• **REQUIRED WORK**
Stop at the line containing "Petitioner Rogelio Roque": write out every line from the beginning of the entries up to and including it, minus the pictures.

● ● ● ● ● ● ●

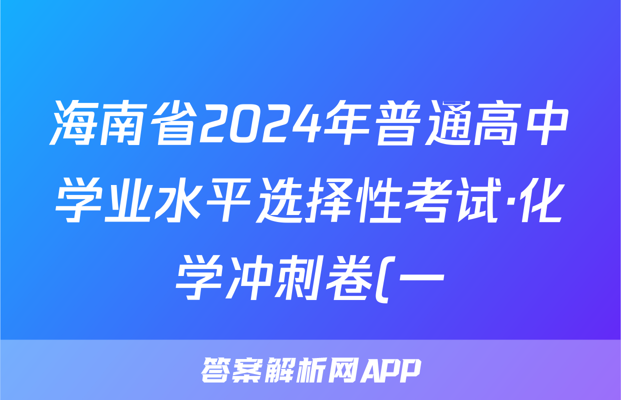 海南省2024年普通高中学业水平选择性考试·化学冲刺卷(一)1[24·(新高考)CCJ·化学·HAIN]答案,目前2024卷临天下答案网已经汇总了海南省2024年普通高中学业水平选择性考试·化学冲刺卷(一)1[24·(新高考)CCJ·化学·HAIN]答案的各科答案和试卷,获取更多{{papers_name}}答案解析,请在关注本站。
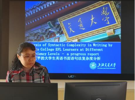 陆元雯老师的报告题目是“不同水平的英语学习者书面语句法复杂度分析”。报告讨论高水平和低水平英语学习者的书面语表达的句法复杂度是否存在差异,并对这种差异所体现的意义做出了分析。
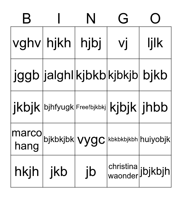 This bingo card has a free space and 34 words: nelly dilemma, christina waonder, beyonce jalf, jhal, marco hang, jalghl, ljlk, hkjh, hjkh, lkhjknkjb, kjbkb, hjbj, bkjbjkbjk, bkjb, kjbjk, bjkb, jkb, jkbjk, bjkbkjbk, kbkbkbjkbh, vygc, u, vghv, jhbb, jb, jbjkbjh, vj, gig, kjbkjb, jggb, jbj, bjhfyugk, huiyobjk and iohjb.
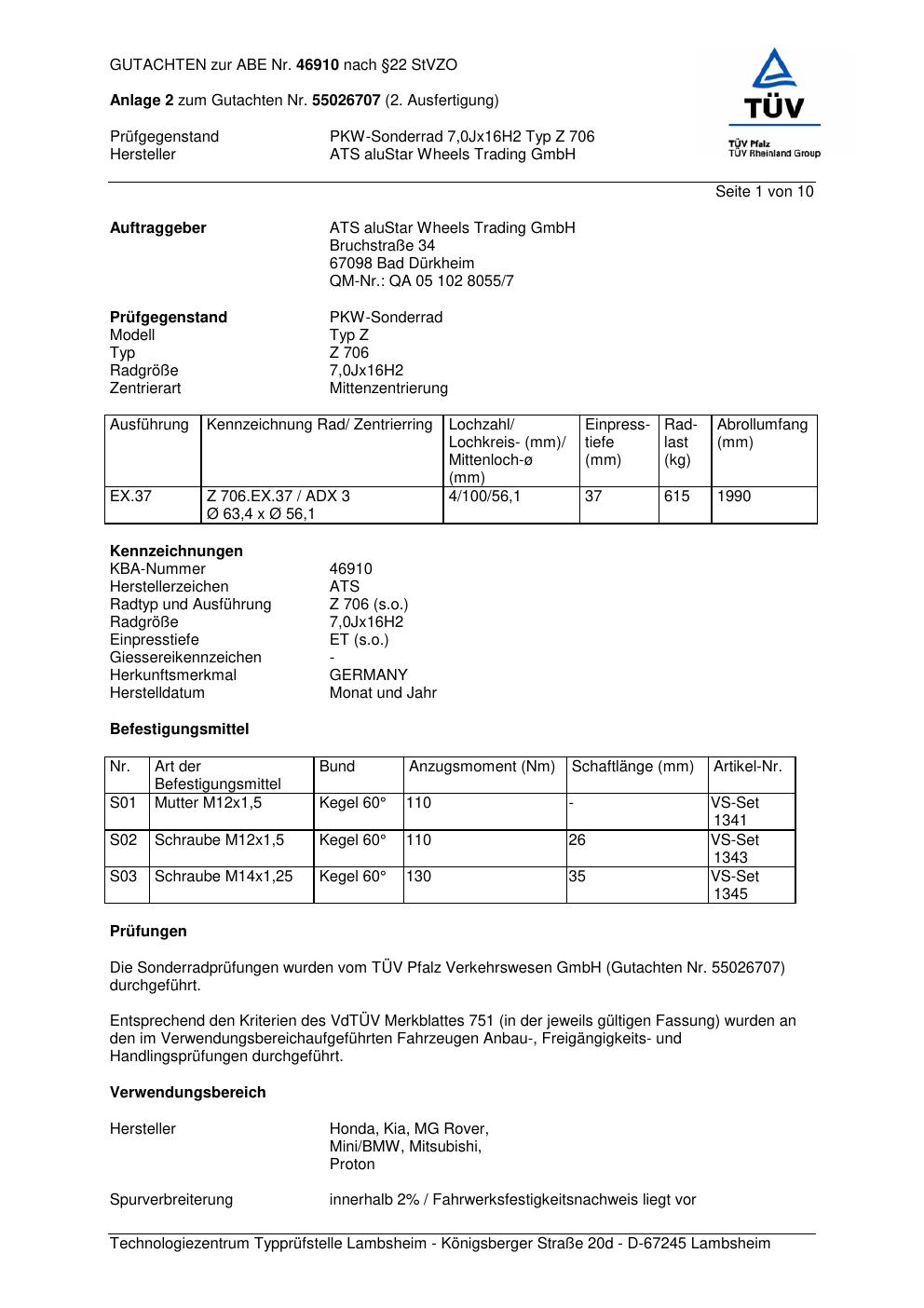 Dieses Gutachten (abe) bezieht sich auf die Alufelge ATS Z 706 in der Ausführung 7Jx16 ET 0, Mittenloch 0 mm (KBA 46910). Im PDF findest du typischerweise zulässige Reifengrößen, Auflagen/Anbauhinweise und – je nach Dokument – Hinweise zur Eintragung.
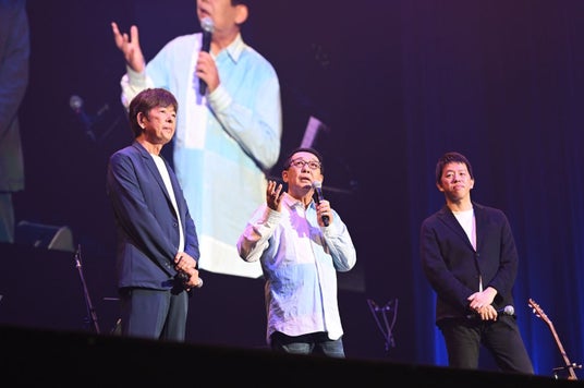 <さだまさしさんとともに、ジャパネットホールディングス代表取締役社長 兼 CEO 高田旭人、株式会社A and Live 代表取締役 高田明がステージでトーク>
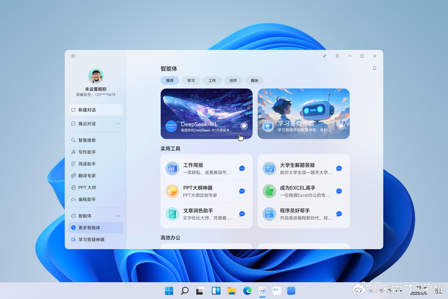 From the pictures released by @Zhu Chencai – Honor, Honor Notebook has customized applications, supporting intelligent search, writing assistant, reading assistant, translation expert, PPT master, programming assistant and other functions. The in-app “Agents” section also offers “More Agents” features, including the DeepSeek-R1 model.
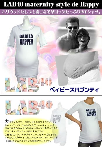 ロサンゼルスのマタニティ・ティシャツブランドLab 40のクールなマタニティTシャツ。大きく入ったプリント「Babies Happen」が茶目っ気たっぷりの可愛いTシャツです。
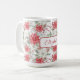 Cette tasse festive de Noël présente un motif de poinsettias rouges et blanches, de baies rouges, de cônes de pins, de branches de pins et d'autres verdure. Dans le centre est un endroit pour vous de personnaliser avec votre nom dans un script élégant. Cela ferait un beau cadeau pour un ami ou un collègue. Remplissez-le de chocolats !
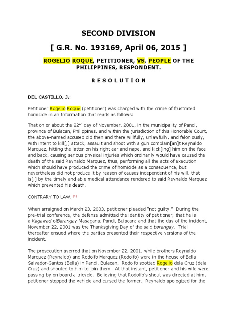 Petitioner Rogelio Roque (petitioner) was charged with the crime of frustrated
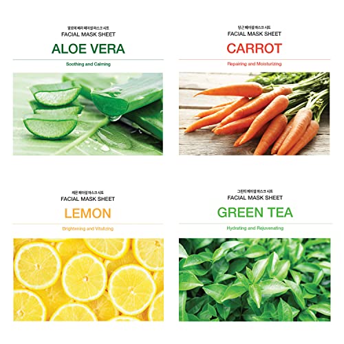 It is easy to select and purchase as it is composed of complex packaging. ; We made Korean facial sheet masks in complex packaging including single packaging, so it is easy for you to choose and purchase. You will find it easy to find your favorite MASK first with the mix packaging of ALOE VERA MASK, GREEN TEA MASK, CARROT MASK, and LEMON MASK. If you choose your favorite MASK and repurchase it, it will be very helpful for your face skin care with 1 MASK a day
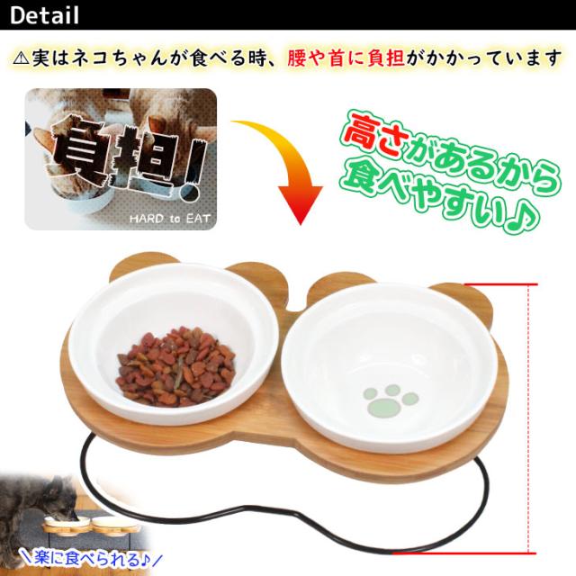木製スタンド付きの高さがあるフードボウルなのでネコちゃん、ワンちゃんがエサを食べやすいようになっています。
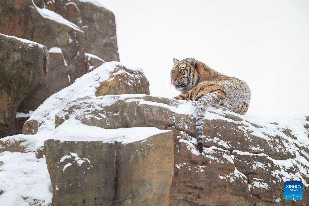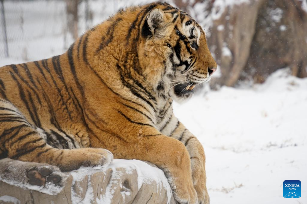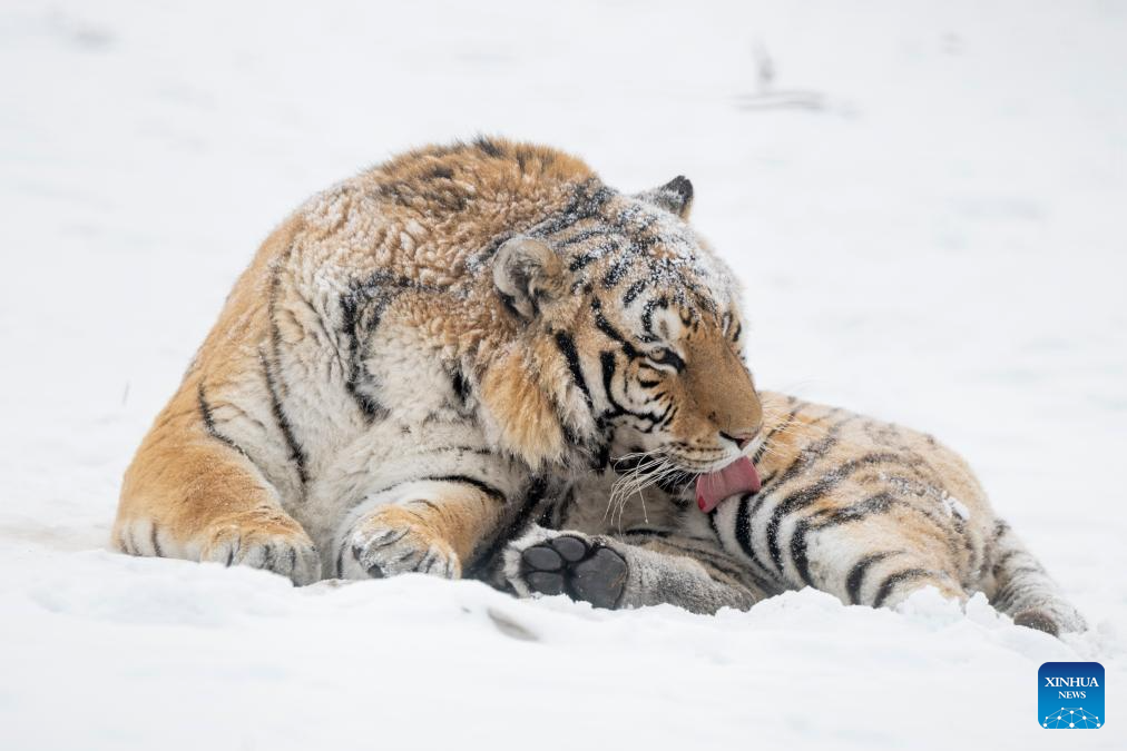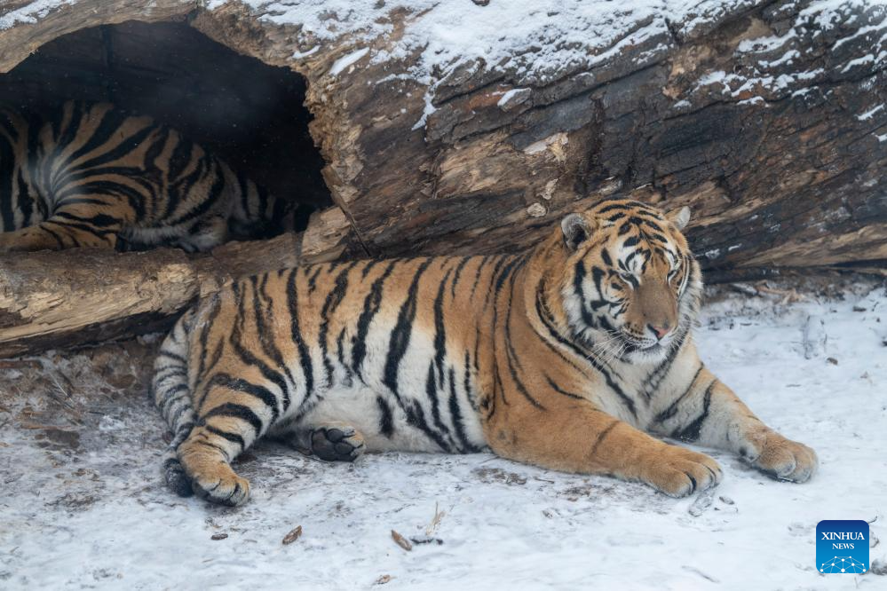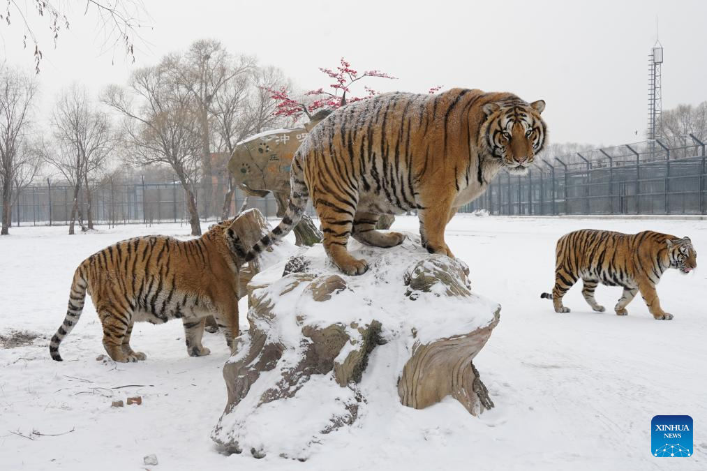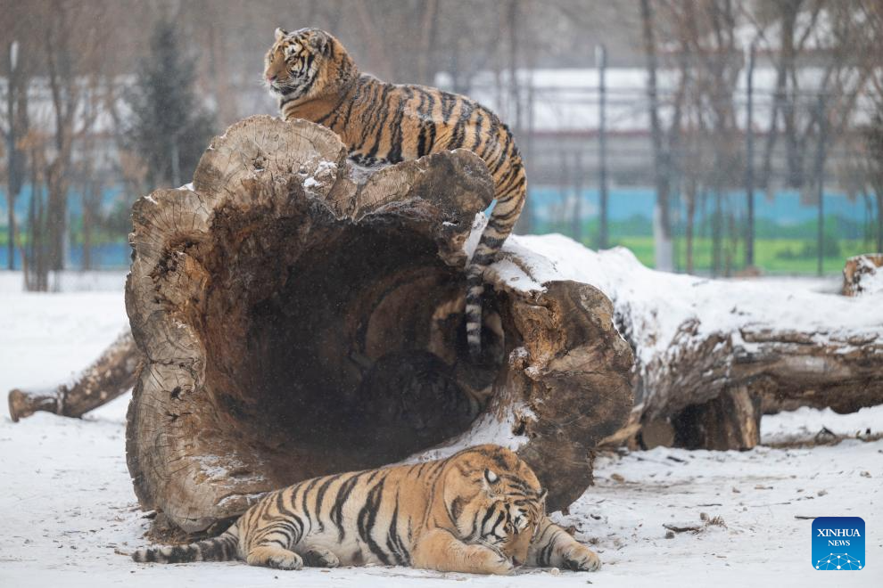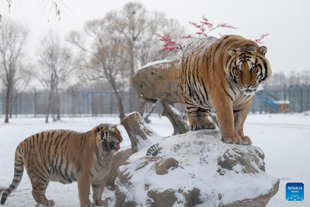 This photo taken on Jan. 12, 2026 shows tigers at the snow-covered Siberian Tiger Park in Harbin, northeast China's Heilongjiang Province. Harbin saw snowfall recently, which added a touch of winter charm to its Siberian Tiger Park. (Xinhua/Zhang Tao)

● ● ● ● ● ● ●

• **EXERCISE RESPONSE**
 海南省2024年普通高中学业水平选择性考试·化学冲刺卷(一)1[24·(新高考)CCJ·化学·HAIN]答案,目前2024卷临天下答案网已经汇总了海南省2024年普通高中学业水平选择性考试·化学冲刺卷(一)1[24·(新高考)CCJ·化学·HAIN]答案的各科答案和试卷,获取更多{{papers_name}}答案解析,请在关注本站。
 陆元雯老师的报告题目是“不同水平的英语学习者书面语句法复杂度分析”。报告讨论高水平和低水平英语学习者的书面语表达的句法复杂度是否存在差异,并对这种差异所体现的意义做出了分析。
 This bingo card has a free space and 34 words: nelly dilemma, christina waonder, beyonce jalf, jhal, marco hang, jalghl, ljlk, hkjh, hjkh, lkhjknkjb, kjbkb, hjbj, bkjbjkbjk, bkjb, kjbjk, bjkb, jkb, jkbjk, bjkbkjbk, kbkbkbjkbh, vygc, u, vghv, jhbb, jb, jbjkbjh, vj, gig, kjbkjb, jggb, jbj, bjhfyugk, huiyobjk and iohjb.
 Dieses Gutachten (abe) bezieht sich auf die Alufelge ATS Z 706 in der Ausführung 7Jx16 ET 0, Mittenloch 0 mm (KBA 46910). Im PDF findest du typischerweise zulässige Reifengrößen, Auflagen/Anbauhinweise und – je nach Dokument – Hinweise zur Eintragung.
 <さだまさしさんとともに、ジャパネットホールディングス代表取締役社長 兼 CEO 高田旭人、株式会社A and Live 代表取締役 高田明がステージでトーク>
 From the pictures released by @Zhu Chencai – Honor, Honor Notebook has customized applications, supporting intelligent search, writing assistant, reading assistant, translation expert, PPT master, programming assistant and other functions. The in-app “Agents” section also offers “More Agents” features, including the DeepSeek-R1 model.
 ロサンゼルスのマタニティ・ティシャツブランドLab 40のクールなマタニティTシャツ。大きく入ったプリント「Babies Happen」が茶目っ気たっぷりの可愛いTシャツです。
 Cette tasse festive de Noël présente un motif de poinsettias rouges et blanches, de baies rouges, de cônes de pins, de branches de pins et d'autres verdure. Dans le centre est un endroit pour vous de personnaliser avec votre nom dans un script élégant. Cela ferait un beau cadeau pour un ami ou un collègue. Remplissez-le de chocolats !
 Petitioner Rogelio Roque (petitioner) was charged with the crime of frustrated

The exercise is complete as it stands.